> Problem
Copy out exactly, from the entries that follow, the line holding "Mens Short Sleeve", the line holding "Pantalone elasticizzato con", and all lines between them, but no pictures.

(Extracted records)
"""

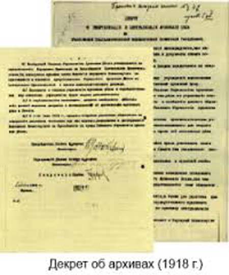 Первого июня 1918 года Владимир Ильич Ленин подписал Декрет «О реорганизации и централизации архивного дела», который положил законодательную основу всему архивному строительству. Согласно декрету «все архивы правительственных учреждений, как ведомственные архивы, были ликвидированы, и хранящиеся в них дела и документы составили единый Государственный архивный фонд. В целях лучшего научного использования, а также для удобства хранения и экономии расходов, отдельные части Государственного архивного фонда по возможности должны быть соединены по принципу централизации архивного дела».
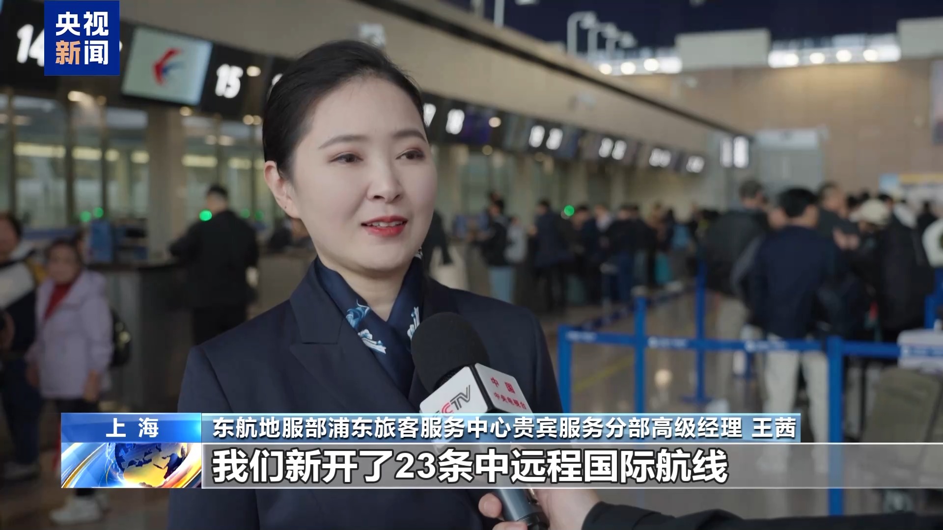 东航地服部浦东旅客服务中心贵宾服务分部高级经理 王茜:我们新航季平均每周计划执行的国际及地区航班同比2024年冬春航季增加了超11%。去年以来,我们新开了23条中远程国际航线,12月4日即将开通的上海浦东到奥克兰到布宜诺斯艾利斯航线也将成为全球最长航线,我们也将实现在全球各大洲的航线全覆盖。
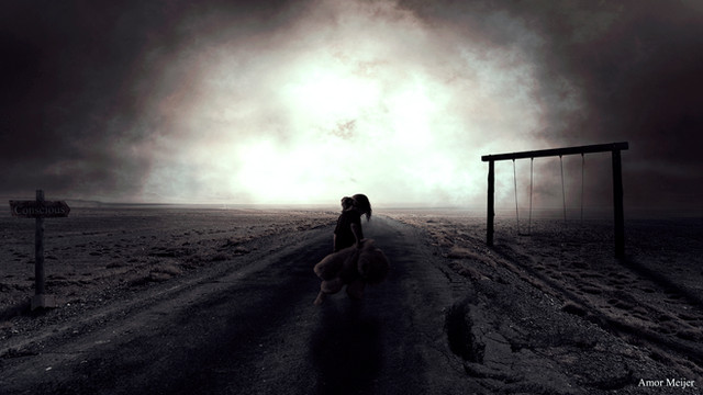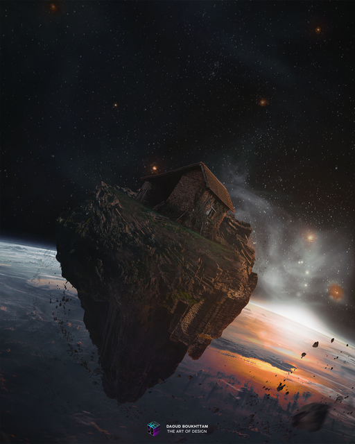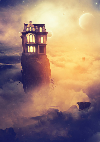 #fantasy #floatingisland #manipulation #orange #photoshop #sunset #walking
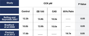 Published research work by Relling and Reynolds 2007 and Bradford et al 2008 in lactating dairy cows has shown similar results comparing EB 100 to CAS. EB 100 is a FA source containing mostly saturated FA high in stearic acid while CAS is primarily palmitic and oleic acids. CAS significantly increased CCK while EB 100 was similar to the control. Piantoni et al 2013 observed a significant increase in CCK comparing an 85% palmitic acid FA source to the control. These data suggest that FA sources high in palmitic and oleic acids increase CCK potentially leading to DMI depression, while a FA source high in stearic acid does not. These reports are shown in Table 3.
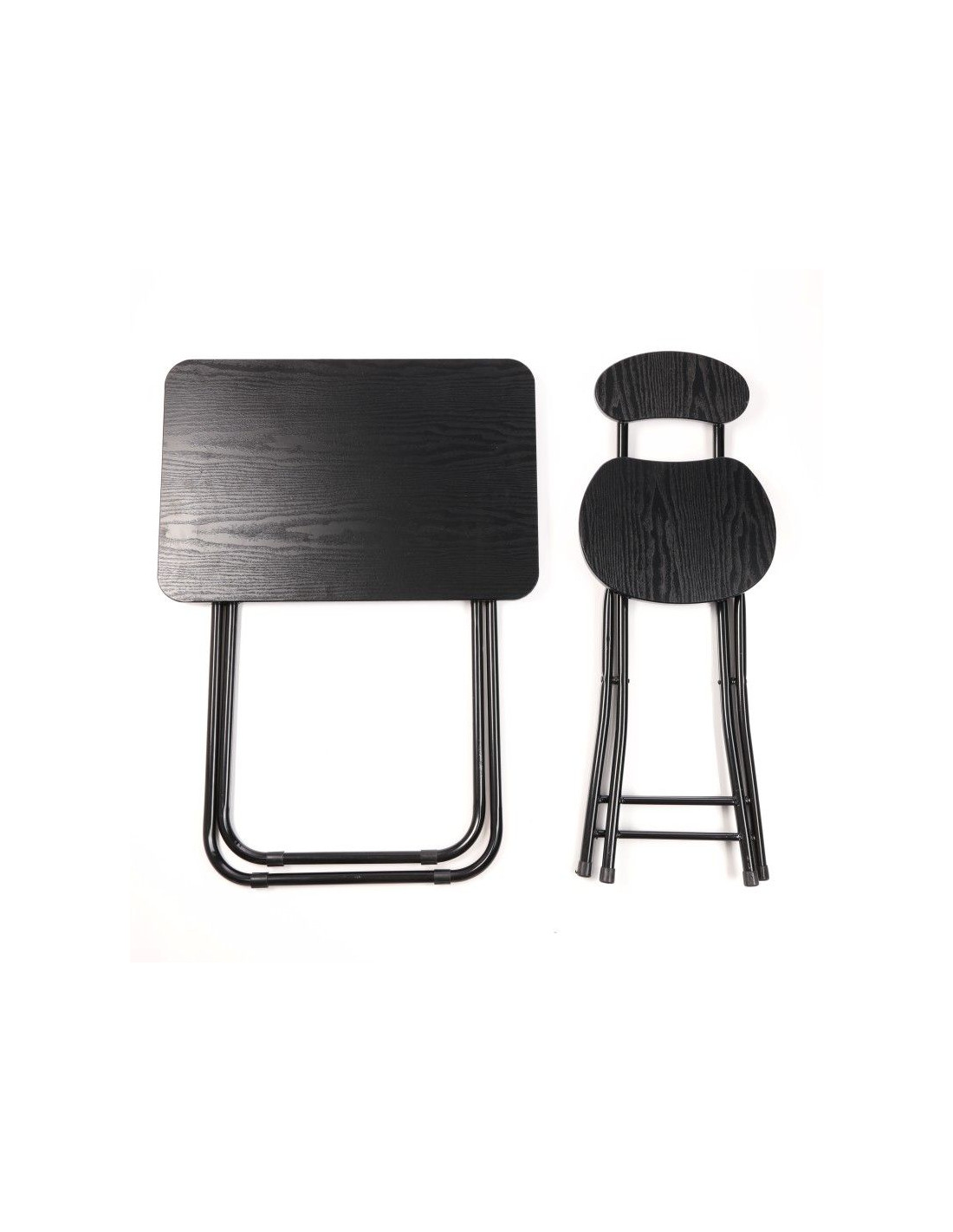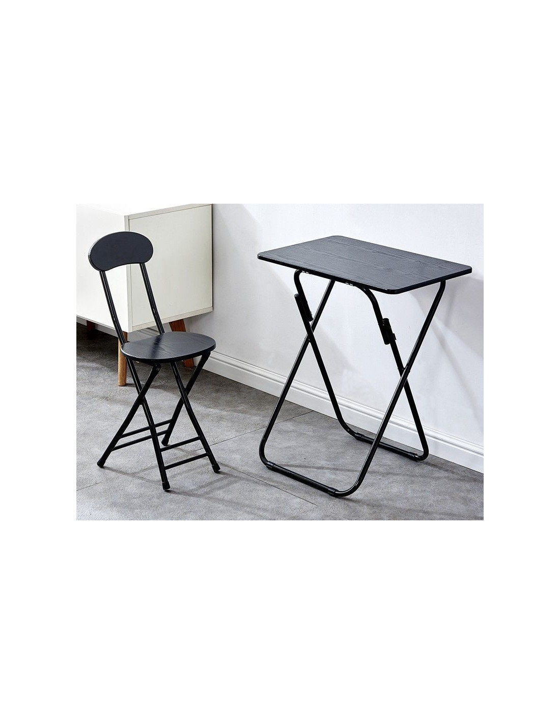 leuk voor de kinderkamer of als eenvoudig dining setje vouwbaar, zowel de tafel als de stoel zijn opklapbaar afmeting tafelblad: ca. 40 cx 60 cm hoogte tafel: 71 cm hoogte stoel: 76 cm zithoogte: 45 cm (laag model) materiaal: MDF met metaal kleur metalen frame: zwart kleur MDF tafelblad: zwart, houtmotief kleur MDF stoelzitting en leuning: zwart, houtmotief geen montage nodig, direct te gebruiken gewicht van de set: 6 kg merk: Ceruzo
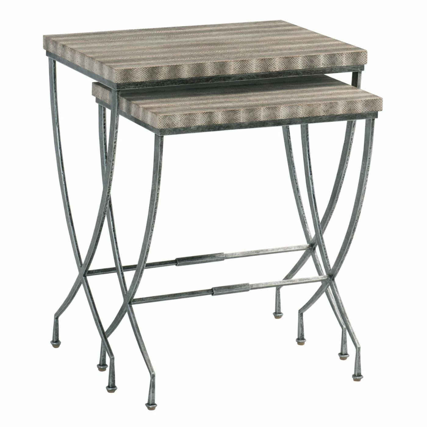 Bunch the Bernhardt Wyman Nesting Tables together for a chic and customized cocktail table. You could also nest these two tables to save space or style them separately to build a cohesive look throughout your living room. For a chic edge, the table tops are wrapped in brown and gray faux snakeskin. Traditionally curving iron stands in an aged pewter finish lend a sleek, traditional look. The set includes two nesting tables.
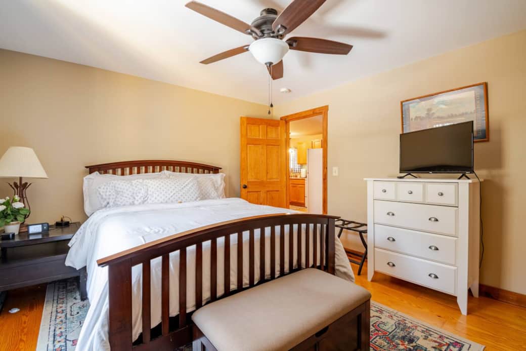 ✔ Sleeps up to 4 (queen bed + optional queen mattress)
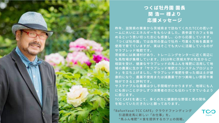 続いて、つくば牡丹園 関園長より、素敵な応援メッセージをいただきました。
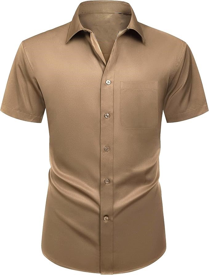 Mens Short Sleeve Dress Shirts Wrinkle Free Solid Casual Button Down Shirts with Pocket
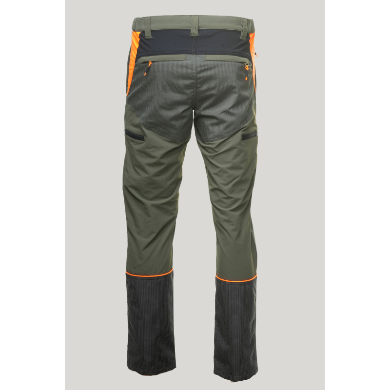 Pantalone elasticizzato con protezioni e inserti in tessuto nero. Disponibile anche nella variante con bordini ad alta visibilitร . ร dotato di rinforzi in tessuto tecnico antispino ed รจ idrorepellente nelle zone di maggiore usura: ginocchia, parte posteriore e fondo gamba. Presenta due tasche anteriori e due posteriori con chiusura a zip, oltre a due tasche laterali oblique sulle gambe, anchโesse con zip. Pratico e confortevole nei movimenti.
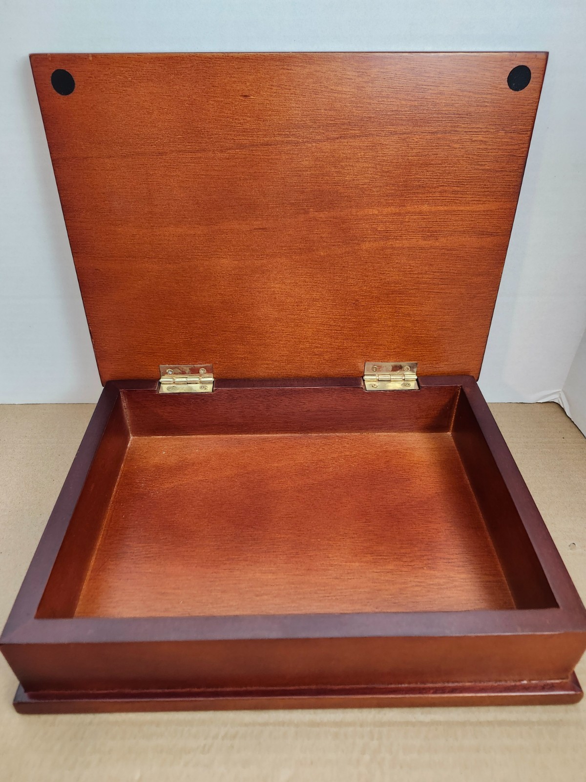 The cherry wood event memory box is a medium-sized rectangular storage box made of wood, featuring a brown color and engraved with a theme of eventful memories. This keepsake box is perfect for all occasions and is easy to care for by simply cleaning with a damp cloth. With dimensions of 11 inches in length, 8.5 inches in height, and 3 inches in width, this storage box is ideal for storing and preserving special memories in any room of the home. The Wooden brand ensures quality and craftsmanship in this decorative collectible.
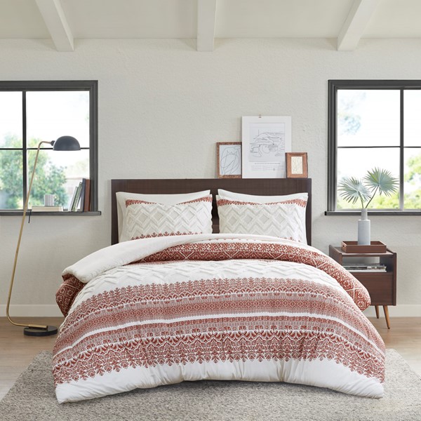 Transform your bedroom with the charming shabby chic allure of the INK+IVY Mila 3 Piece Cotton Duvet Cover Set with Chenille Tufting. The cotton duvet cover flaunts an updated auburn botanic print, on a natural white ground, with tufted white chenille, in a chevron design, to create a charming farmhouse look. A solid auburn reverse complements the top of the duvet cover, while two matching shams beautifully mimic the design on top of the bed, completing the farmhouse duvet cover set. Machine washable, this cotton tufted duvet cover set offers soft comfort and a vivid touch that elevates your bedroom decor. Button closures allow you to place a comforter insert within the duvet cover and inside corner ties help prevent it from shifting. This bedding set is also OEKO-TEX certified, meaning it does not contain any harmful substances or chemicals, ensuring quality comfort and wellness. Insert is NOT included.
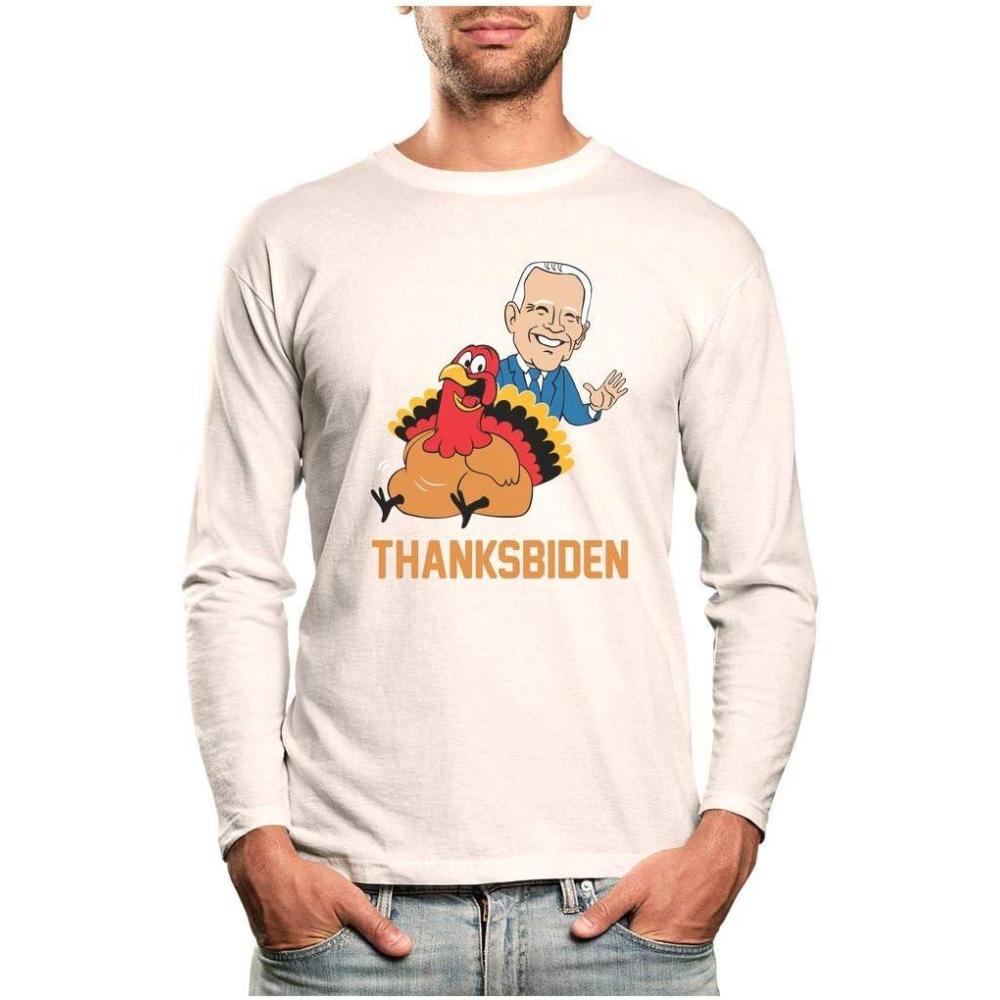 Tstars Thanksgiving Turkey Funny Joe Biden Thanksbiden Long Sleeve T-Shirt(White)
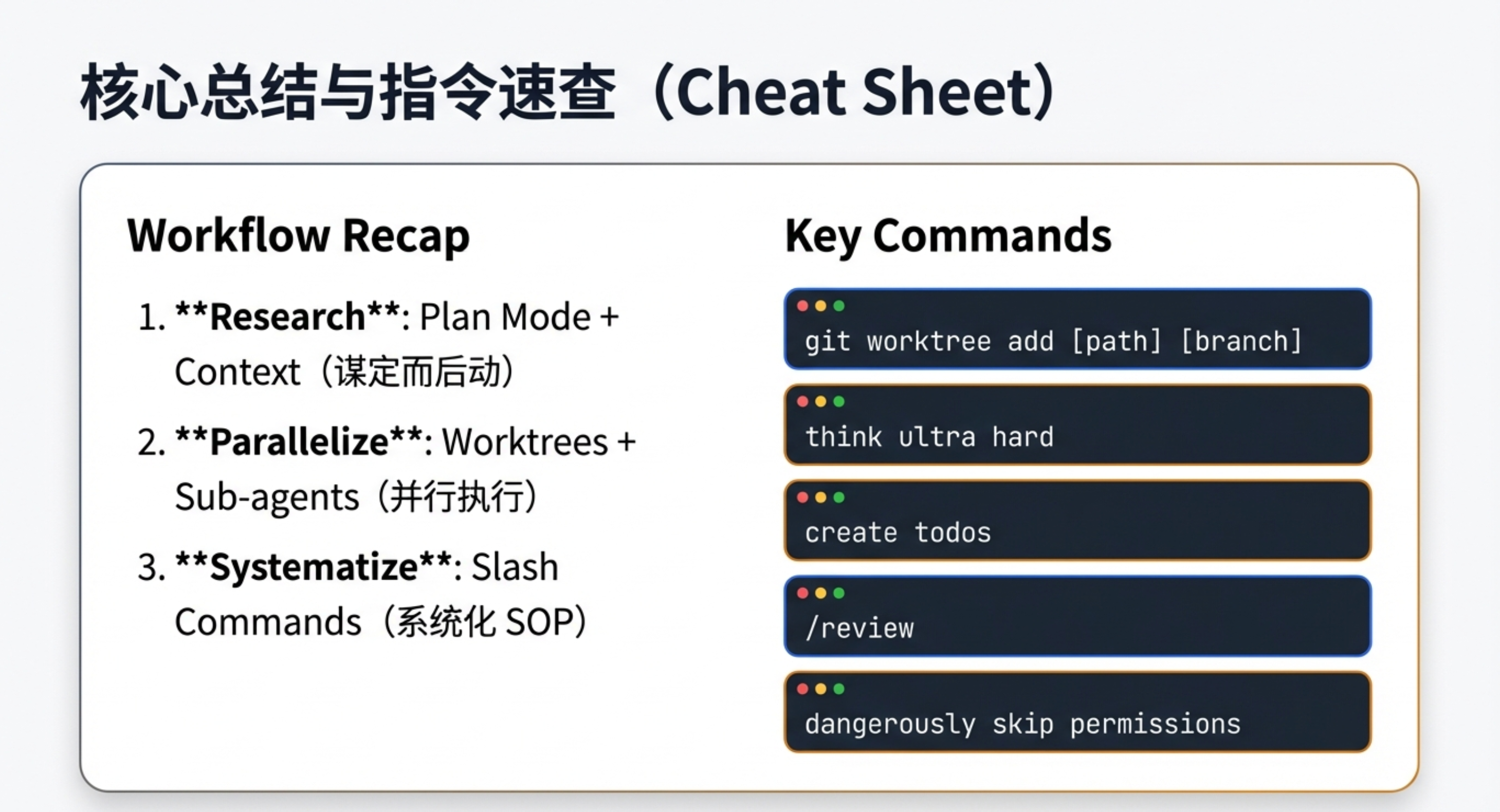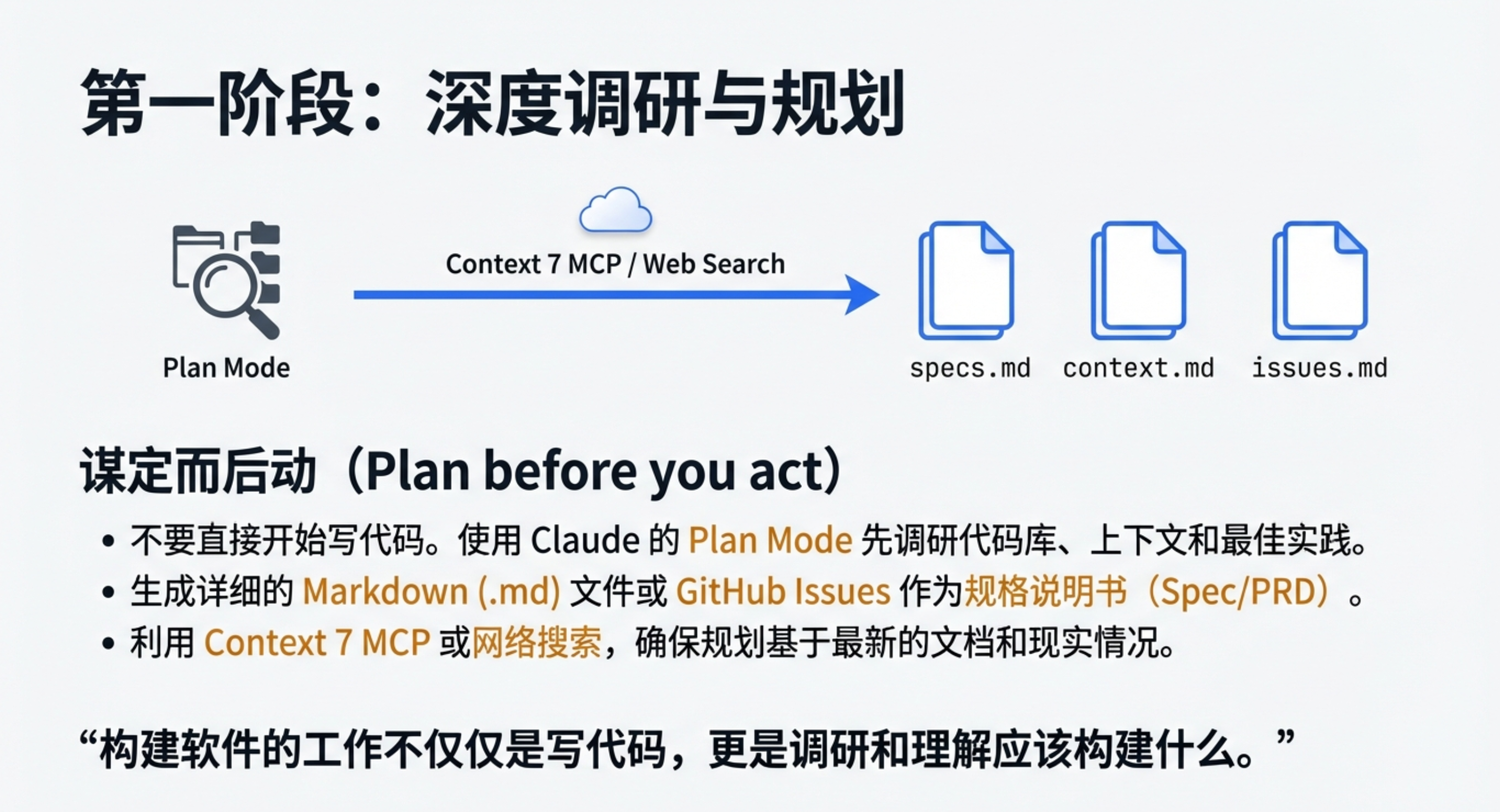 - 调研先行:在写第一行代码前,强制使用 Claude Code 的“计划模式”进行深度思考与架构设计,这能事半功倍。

"""

> Answer for the task
 Mens Short Sleeve Dress Shirts Wrinkle Free Solid Casual Button Down Shirts with Pocket
 Pantalone elasticizzato con protezioni e inserti in tessuto nero. Disponibile anche nella variante con bordini ad alta visibilitร . ร dotato di rinforzi in tessuto tecnico antispino ed รจ idrorepellente nelle zone di maggiore usura: ginocchia, parte posteriore e fondo gamba. Presenta due tasche anteriori e due posteriori con chiusura a zip, oltre a due tasche laterali oblique sulle gambe, anchโesse con zip. Pratico e confortevole nei movimenti.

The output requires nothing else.